*** Opening PROVIDED MATERIAL ***

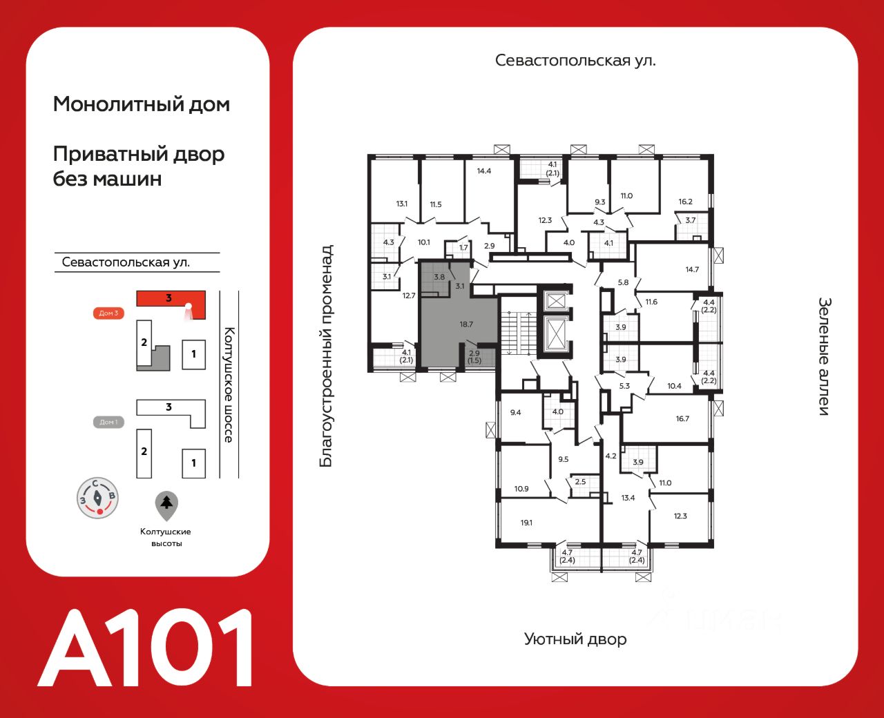 ГК "А101" - крупный инвестиционно-строительный холдинг, занимает 6-е место по объему строительства в России (по данным "Единого ресурса застройщиков" на 2023 год). НКР присвоило ГК "А101" кредитный рейтинг A+.ru, подтверждая его надежность и финансовую устойчивость для завершения строительства ЖК.
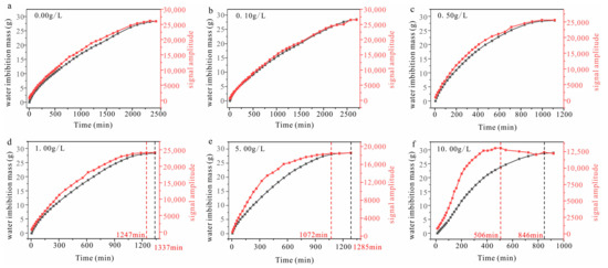 NMR signal amplitude and water imbibition mass of samples with various solution concentrations over time (the black line refers to the water imbibition mass; the red line refers to the T2 signal amplitude).
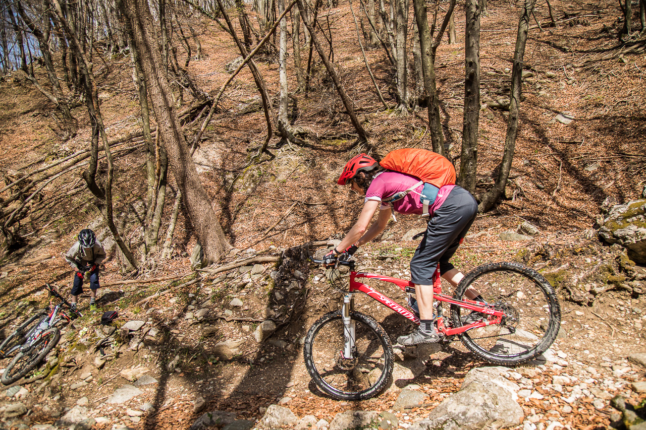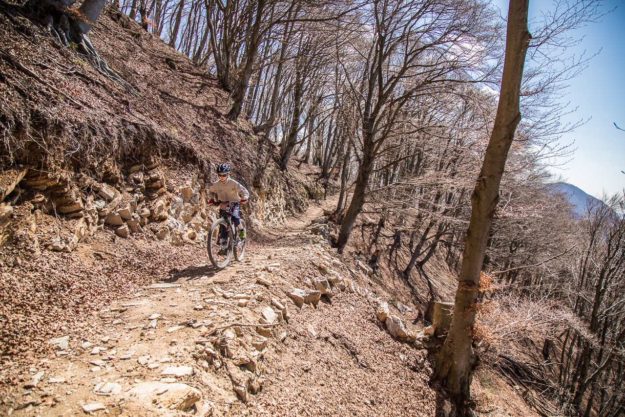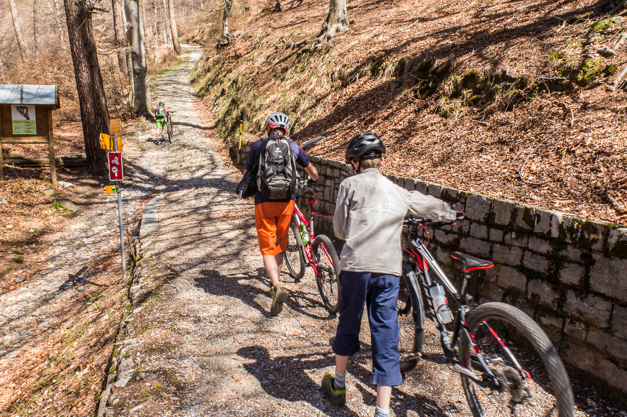 Dann wurde es aber ernst, der Weg stieg nun an, zuerst auf Asphalt, dann auf Waldstrassen. Wir befanden uns auf der ersten Etappe der Lugano Bike, der wir mehrheitlich folgten. Bald wurde der Weg so steil, dass wir schieben mussten. Ich band das Bike von Silvan und meines zusammen, um ihm zu helfen, schliesslich humpelte er immer noch nach seinem Skiunfall und muss sein Bein erst wieder aufbauen. Die Schiebe- und Radelstrecken wechselten sich ab, bei 1130 Meter erreichten wir aber den Kulminationspunkt. Hier startete ein langer Singletrail zur Alpe Bolla. Und was für einer! Viel zu schnell langten wir dort an. Leider hatte die Osteria noch nicht geöffnet, wie so viele im April.

*** Closing PROVIDED MATERIAL ***

_ASSIGNED TASK:_ For this copy, leave pictures out and reproduce the lines from the one bearing "NMR signal amplitude" through the final line of the listing above, both ends included.

_SOLVED EXERCISE:_
 NMR signal amplitude and water imbibition mass of samples with various solution concentrations over time (the black line refers to the water imbibition mass; the red line refers to the T2 signal amplitude).
 Dann wurde es aber ernst, der Weg stieg nun an, zuerst auf Asphalt, dann auf Waldstrassen. Wir befanden uns auf der ersten Etappe der Lugano Bike, der wir mehrheitlich folgten. Bald wurde der Weg so steil, dass wir schieben mussten. Ich band das Bike von Silvan und meines zusammen, um ihm zu helfen, schliesslich humpelte er immer noch nach seinem Skiunfall und muss sein Bein erst wieder aufbauen. Die Schiebe- und Radelstrecken wechselten sich ab, bei 1130 Meter erreichten wir aber den Kulminationspunkt. Hier startete ein langer Singletrail zur Alpe Bolla. Und was für einer! Viel zu schnell langten wir dort an. Leider hatte die Osteria noch nicht geöffnet, wie so viele im April.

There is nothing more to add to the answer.